Now take the derivative of each step response (these will be
the impulse responses).
If the step responses are monotonic this gives you two
strictly-positive impulse responses.
Scale the impulse responses so the total area under each
impulse response is unity
(i.e., these are the derivatives of unit steps). Measure the
variance of each pulse,
v1 and v2, and take the square root of the variances to get
the standard deviations, s1 and s2.
If the impulse responses are strictly positive it will
always be true that
v[overall] = v[1] + v[2]
and also
s[overall]^2 = s[1]^2 + s[2]^2
What goes wrong has to do with steps (2) and (3). The
relation between standard deviation
and "pulse width" has to do with how you define that width.
For example, suppose you define the
impulse-response width at the points comprising 10% and 90%,
respectively, of the total area
under the impulse response (corresponding to a 10-90%
risetime definition). The relation
between the standard deviation width measurement and the
10-90% width measurement
now depends on the exact shape of the impulse response
curve. Looking at the table on
p. 401 of my book, a single-pole RC relaxation with a
standard deviation of 1.00 produces
a 10-90% risetime of 0.877. A gaussian impulse response with
the same standard deviation
of 1.00 produces a 10-90% risetime of 1.02.
Same standard deviation, different 10-90% risetimes.
If all three of your waveforms (the first system, the second
system, and the cascade) have the
same impulse-response shape, then all three will have the
same relation between standard
deviation and risetime, and the RSS formula works perfectly.
This happens when the two
sub-system components have a Gaussian response (albeit with
different standard deviations).
The result in this case always turns out to be Gaussian, and
so the RSS formula applies
exactly. A gaussian impulse response is the ONLY shape for
which the impulse response of
the cascade has the same shape as the impulse response of
the subsystems.
If the two subsystems are not Gaussian, then the shape of
the output impulse response won't
precisely match the shape of the impulse responses of the
two subsystems (even if the
two subsystems are identical), and the RSS approximation
becomes no longer perfect.
RSS is still somewhat useful, though. You can see in my
example showing the numbers for an
RC relaxation and a gaussian impulse response the extent of
the imperfection in the relation
between standard deviation and rise time.

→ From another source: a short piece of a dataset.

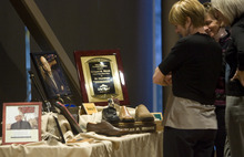 People look at a display of photographs and other memorabilia of Richard Wirick's during a memorial service for him at Gallivan Hall at Gallivan Plaza in Salt Lake City on March 8, 2012.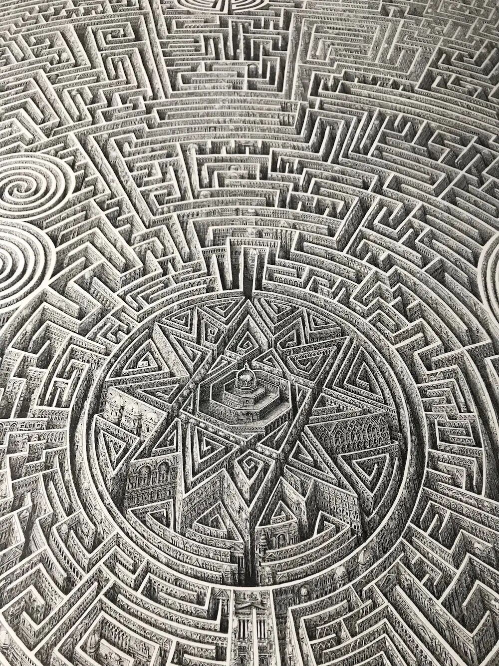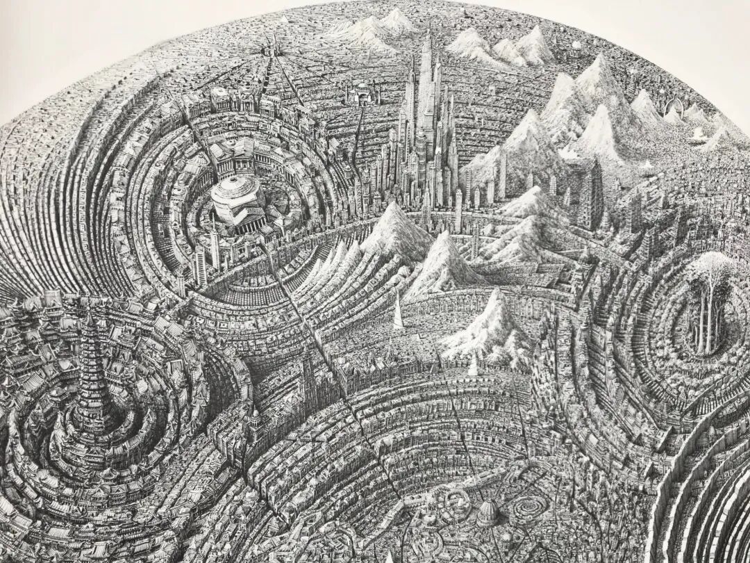 用一年多的时间,去创作一幅素描作品,这幅作品会多么复杂,多么精彩呢?杰明·萨克用他的作品给出了答案,在杰明·萨克的素描作品中,我们可以看到类似未来城市一样的场景,整幅画作拥有极其复杂的建筑物,这些建筑物组成了复杂的迷宫。

Thinking about cables, you can make a simlar argument in the
frequency domain. When you
cascade two sections of cable it doubles (in dB) the
attenuation at all frequencies. Finding the
new system risetime is related to asking this question,
"Starting from the -3dB point on a single cable, how far
do I have to back down in frequency
to get to the 3dB point in the new cascaded system?"
That question is exactly the same as this:
"Starting from the -3dB point on a single cable, how far
do I have to back down in frequency
to get to the -1.5dB point on the same single cable?"
Obviously, the answer to that has something to do with the
shape of the frequency response
of the cable. If the cable response is gaussian [H(f) =
exp(-k*f*f)] then the answer is that you
back down by 1/sqrt(2) , which corresponds precisely the RSS
formula.
CASES WHERE RSS DOESN'T WORK VERY WELL
If the cable response is dominated by the dielectric-effect
mechanism (as are many long pcb traces)
then the response looks like [H(f)=exp(-k*f)], for which a
doubling of the trace length
requires that you back down by a factor of two in frequency.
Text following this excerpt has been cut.